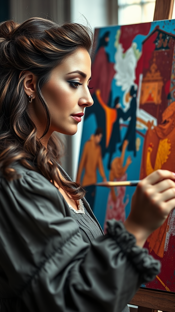 A woman dressed as a classic French artist passionately painting a vibrant canvas, capturing the spirit of a painter. The scene is in portrait format, with detailed skin tones and a lifelike photo-realistic quality. Shot in 8k resolution, the image is highly detailed, showing her full-length frame. The colors are high detail RAW, complemented by subtle piercings and set in diffused soft lighting. The photograph uses a shallow depth of field and sharp focus, revealing hyperrealistic and cinematic CGI lighting effects. The entire setup avoids any low quality or distorted features, maintaining only the essential elements that depict her artistic essence accurately, without any unwanted artifacts or errors. The artist has a natural pose with balanced proportions and expressions that are realistically captured, emphasizing her identity as a creative soul in her studio, guiding viewers into her world of artistic insight and dedication.
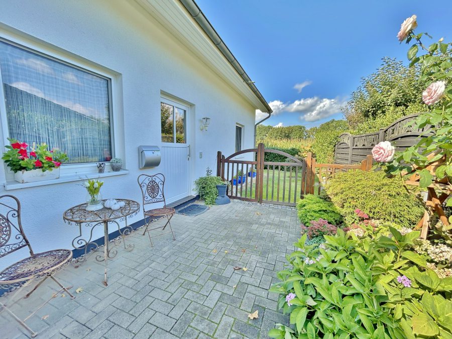 Das angrenzende Wohnzimmer bietet genügend Platz, jede Wohnlandschaft unterzubringen und ist durch die bodentiefen Fensterelemente besonders lichtdurchflutet. Von hier aus haben Sie zudem Zugang zur überdachten Terrasse, die ein besonderes Highlight darstellt. Im Sommer grillen, im Winter trotz Schnee draußen sitzen, denn hier ist genügend Platz für Familie und Freunde. Um die Terrasse herum ist es überall grün, denn zur Wohnung gehört auch der große Garten. Dieser ist mit viel Rasenfläche aktuell pflegeleicht angelegt und bietet viel Raum für kreative Gartenfans.
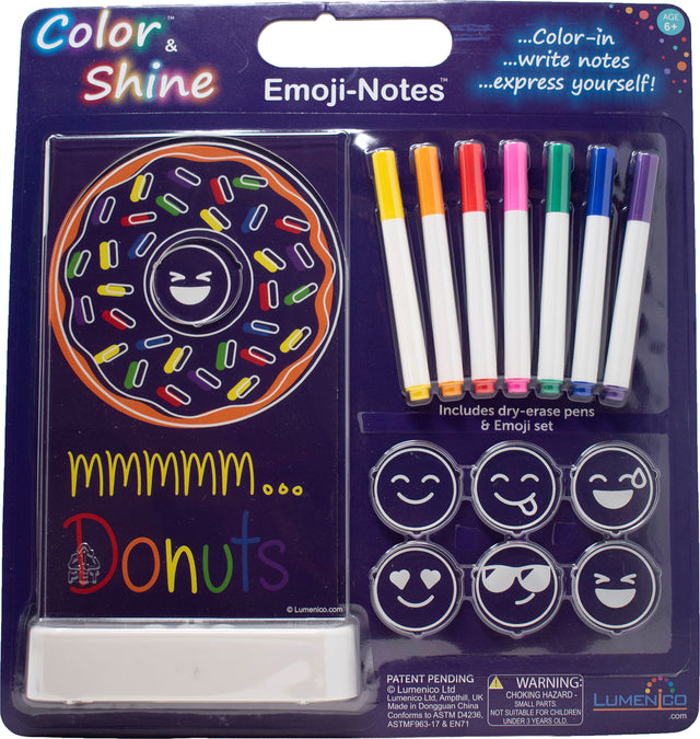 Light up craft kit for young artists. Donut Emoji-Notes design with 7 Emoji disks, 7 pens & white LED dimmable base. Color on the screen and turn on the light to see it shine. This is a product to light up your child's artwork shine.
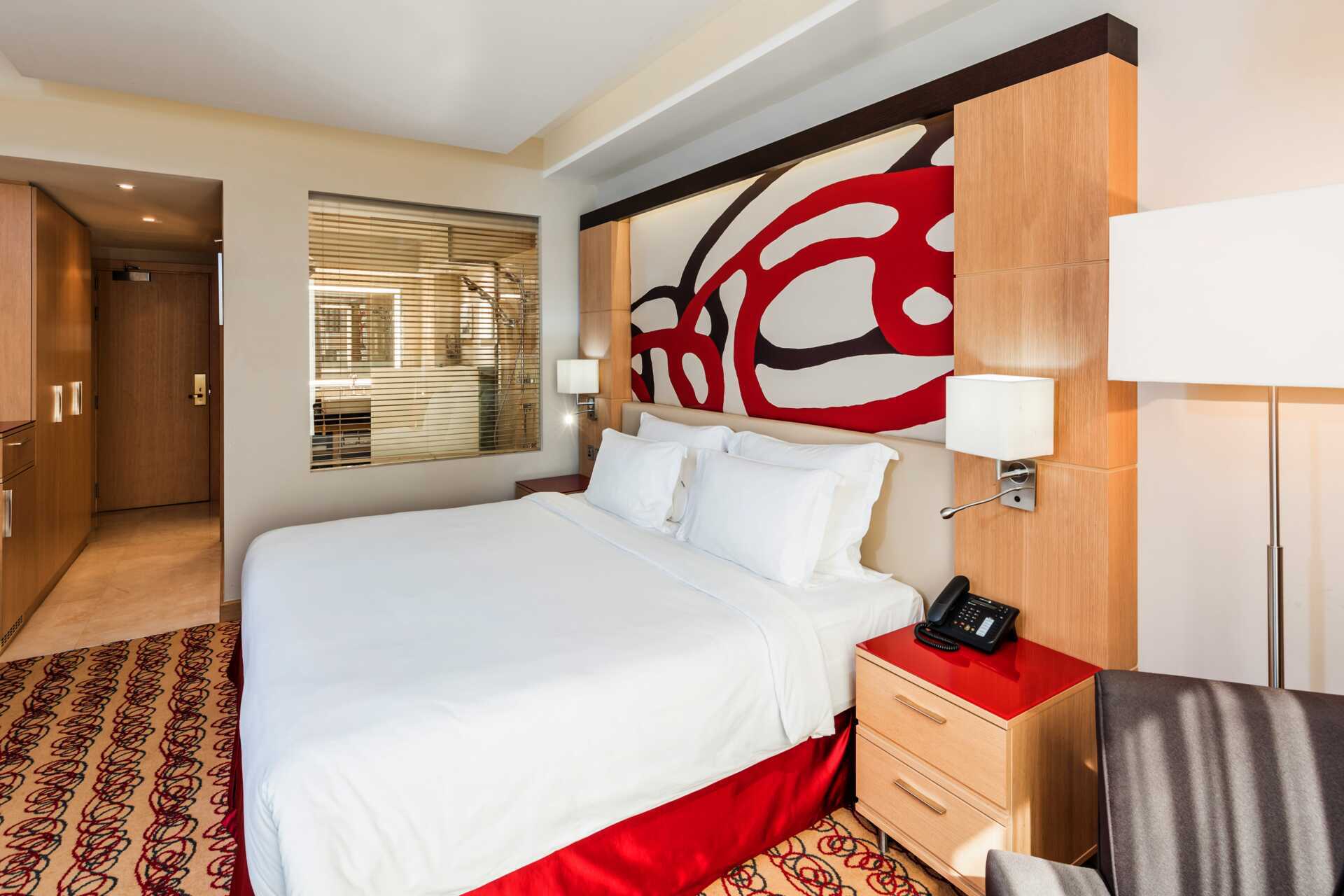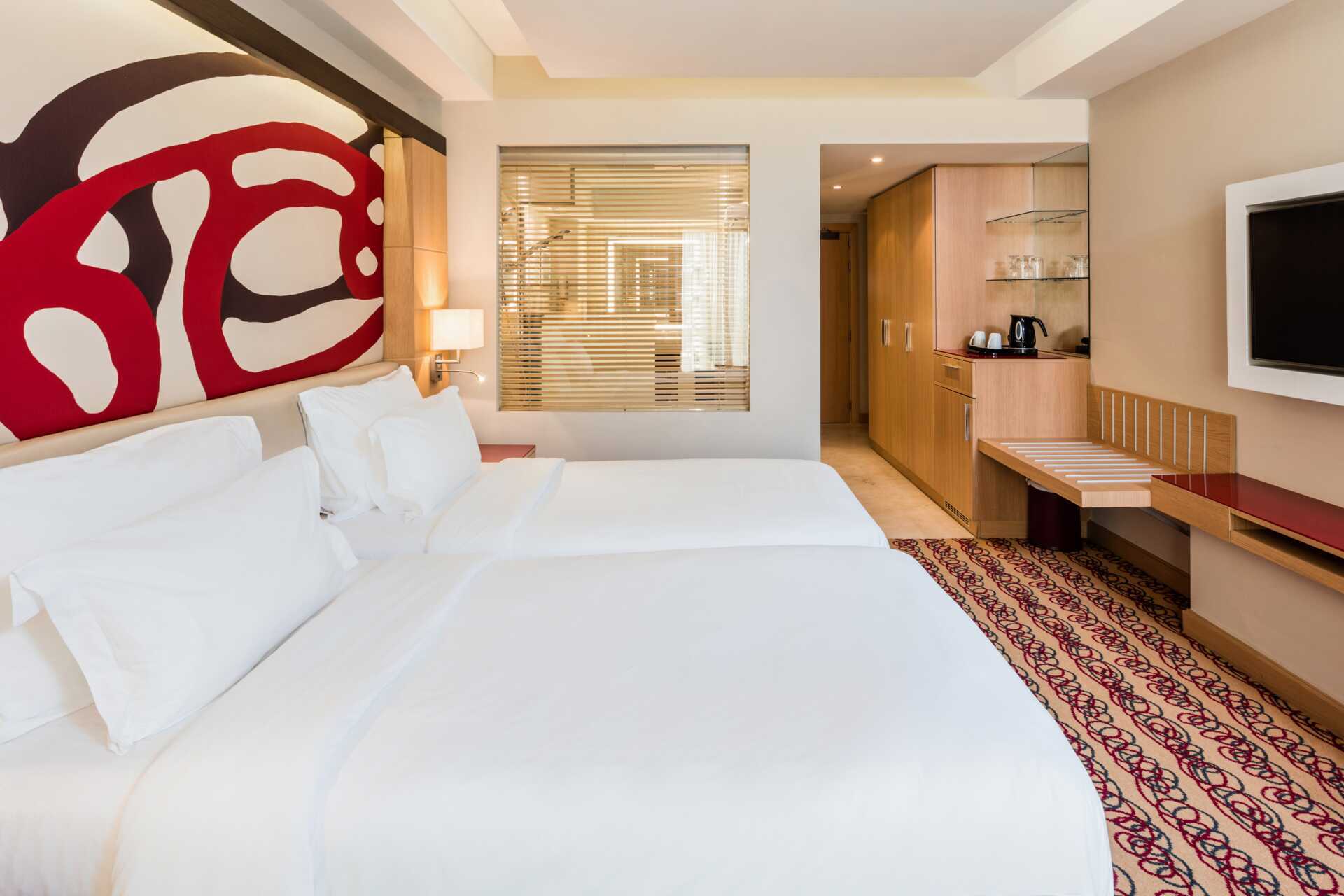 Dubbelrum, utan uteplats. En dubbelsäng eller två enkelsängar. Kuddmeny. Wifi, luftkonditionering och deponering ingår. Heltäckningsmatta. Kylskåp. Vattenkokare samt kaffe och te. Tv med internationella kanaler. Strykjärn och strykbräda. Hårtork. Badrum med badkar och wc. Städning 7 ggr/vecka.
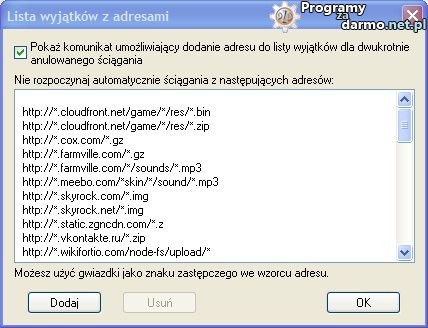 Możesz wykluczyć pobieranie plików przez IDM z określonych witryn. Jeśli nie chcesz aby IDM pobierał z danej witryny, możesz dodać adres strony do specjalnej listy Nie rozpoczynaj automatycznie ściągania z stron:”. Możesz użyć gwiazdki aby dopasować dowolną liczbę znaków. Na przykład jeśli wpiszesz *.tonec.com, to pliki nie będą pobierane przez IDM z ftp.tonec.com, http://www.tonec.com, http://www.games.tonec.com, itp.
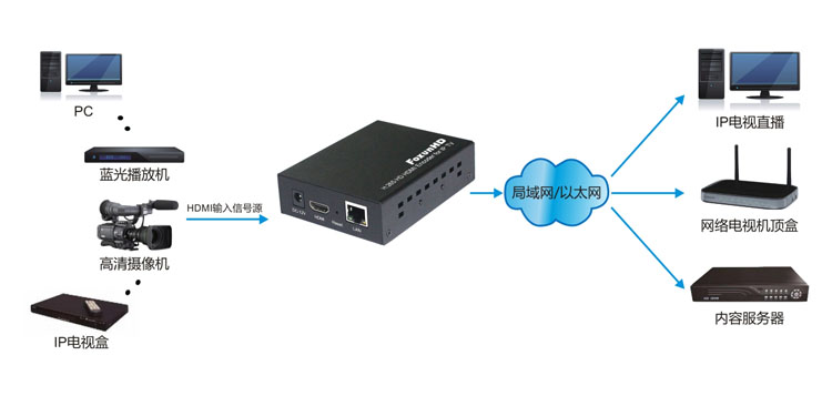 • 工业级 HDMI H.2641080p IP TV编码器 HE01

What to work on: Where pictures appear, omit them, and transcribe exactly, with nothing else, the lines from the line with "Możesz wykluczyć pobieranie" through the final line of the records above, both ends included.

Task answer:
 Możesz wykluczyć pobieranie plików przez IDM z określonych witryn. Jeśli nie chcesz aby IDM pobierał z danej witryny, możesz dodać adres strony do specjalnej listy Nie rozpoczynaj automatycznie ściągania z stron:”. Możesz użyć gwiazdki aby dopasować dowolną liczbę znaków. Na przykład jeśli wpiszesz *.tonec.com, to pliki nie będą pobierane przez IDM z ftp.tonec.com, http://www.tonec.com, http://www.games.tonec.com, itp.
 • 工业级 HDMI H.2641080p IP TV编码器 HE01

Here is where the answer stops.